- Opening Delimiter -

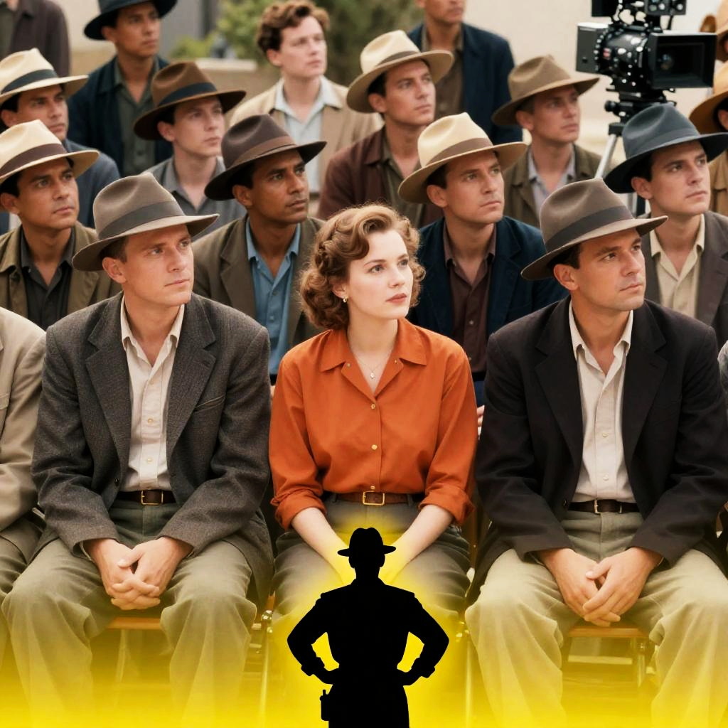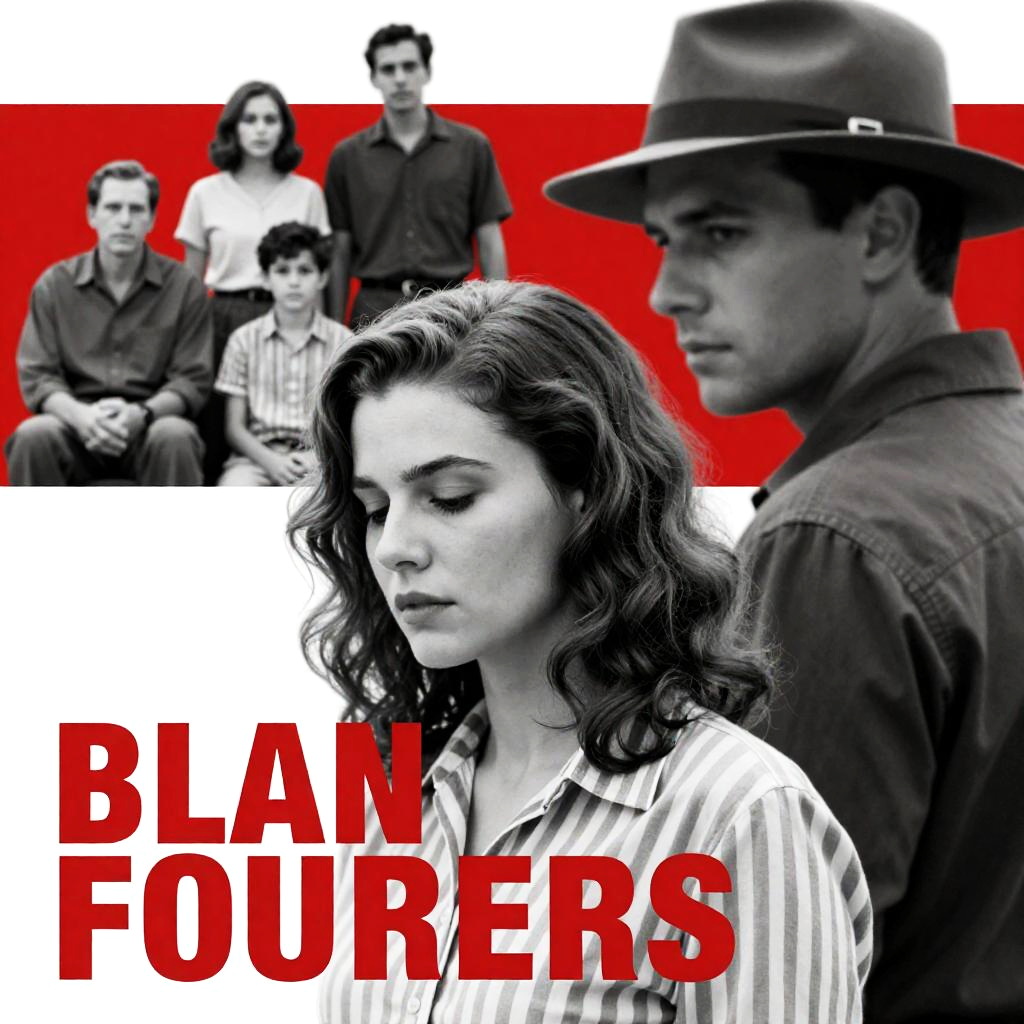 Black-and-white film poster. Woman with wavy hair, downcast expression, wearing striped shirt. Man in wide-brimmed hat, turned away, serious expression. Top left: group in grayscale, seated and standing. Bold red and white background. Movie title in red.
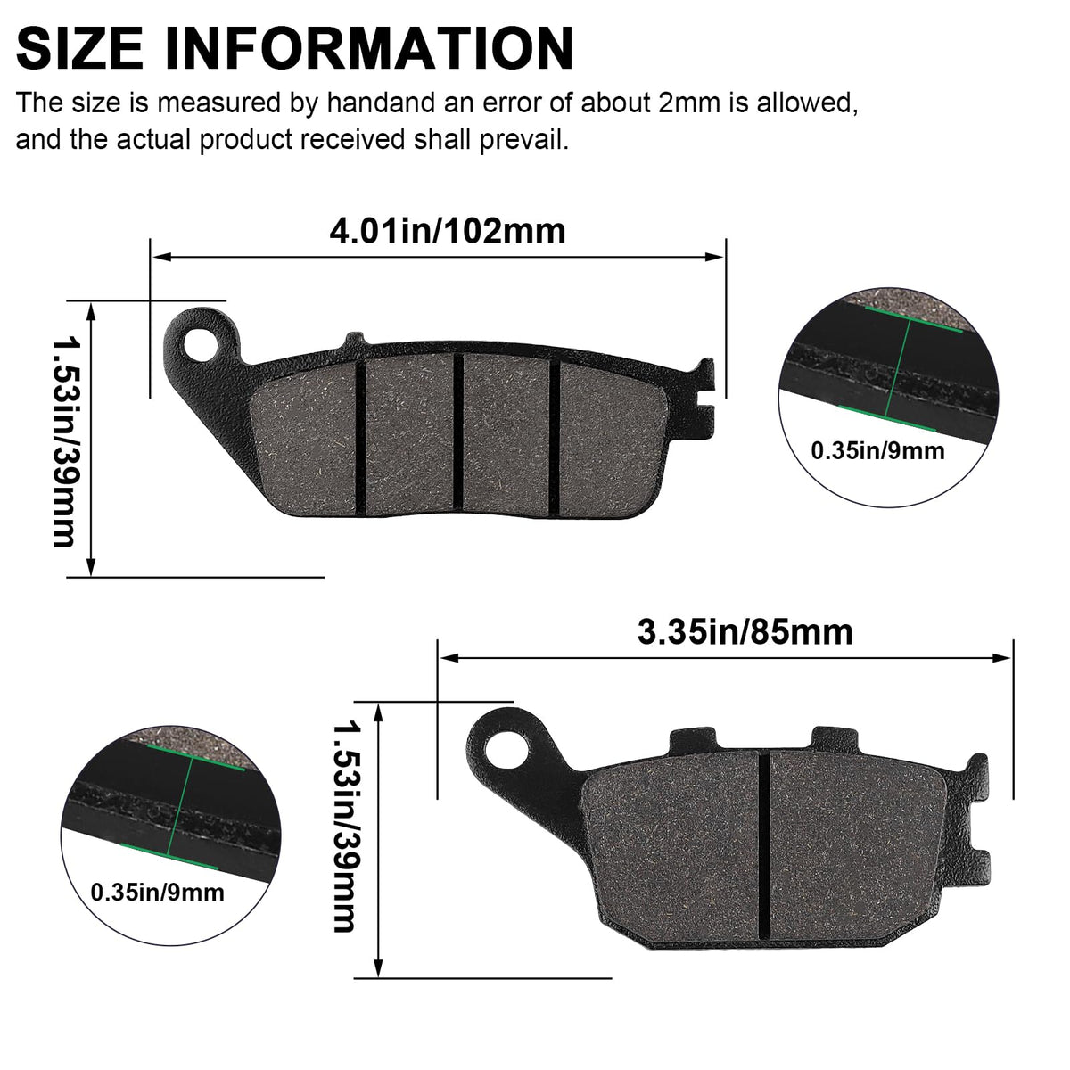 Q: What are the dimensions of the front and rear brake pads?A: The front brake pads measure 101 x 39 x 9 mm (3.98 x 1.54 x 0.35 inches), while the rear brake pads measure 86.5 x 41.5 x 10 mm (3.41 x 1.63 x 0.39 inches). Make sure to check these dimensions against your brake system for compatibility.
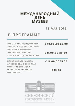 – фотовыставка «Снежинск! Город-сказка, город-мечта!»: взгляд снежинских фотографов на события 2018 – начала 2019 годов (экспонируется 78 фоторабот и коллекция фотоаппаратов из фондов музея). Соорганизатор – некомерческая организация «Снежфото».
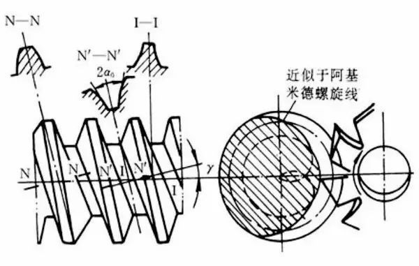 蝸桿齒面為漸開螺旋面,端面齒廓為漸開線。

- Closing Delimiter -

§ **Aim of the task**
Could you repeat each line above exactly as written? Omit the pictures.

§ **Expected output**
 Black-and-white film poster. Woman with wavy hair, downcast expression, wearing striped shirt. Man in wide-brimmed hat, turned away, serious expression. Top left: group in grayscale, seated and standing. Bold red and white background. Movie title in red.
 Q: What are the dimensions of the front and rear brake pads?A: The front brake pads measure 101 x 39 x 9 mm (3.98 x 1.54 x 0.35 inches), while the rear brake pads measure 86.5 x 41.5 x 10 mm (3.41 x 1.63 x 0.39 inches). Make sure to check these dimensions against your brake system for compatibility.
 – фотовыставка «Снежинск! Город-сказка, город-мечта!»: взгляд снежинских фотографов на события 2018 – начала 2019 годов (экспонируется 78 фоторабот и коллекция фотоаппаратов из фондов музея). Соорганизатор – некомерческая организация «Снежфото».
 蝸桿齒面為漸開螺旋面,端面齒廓為漸開線。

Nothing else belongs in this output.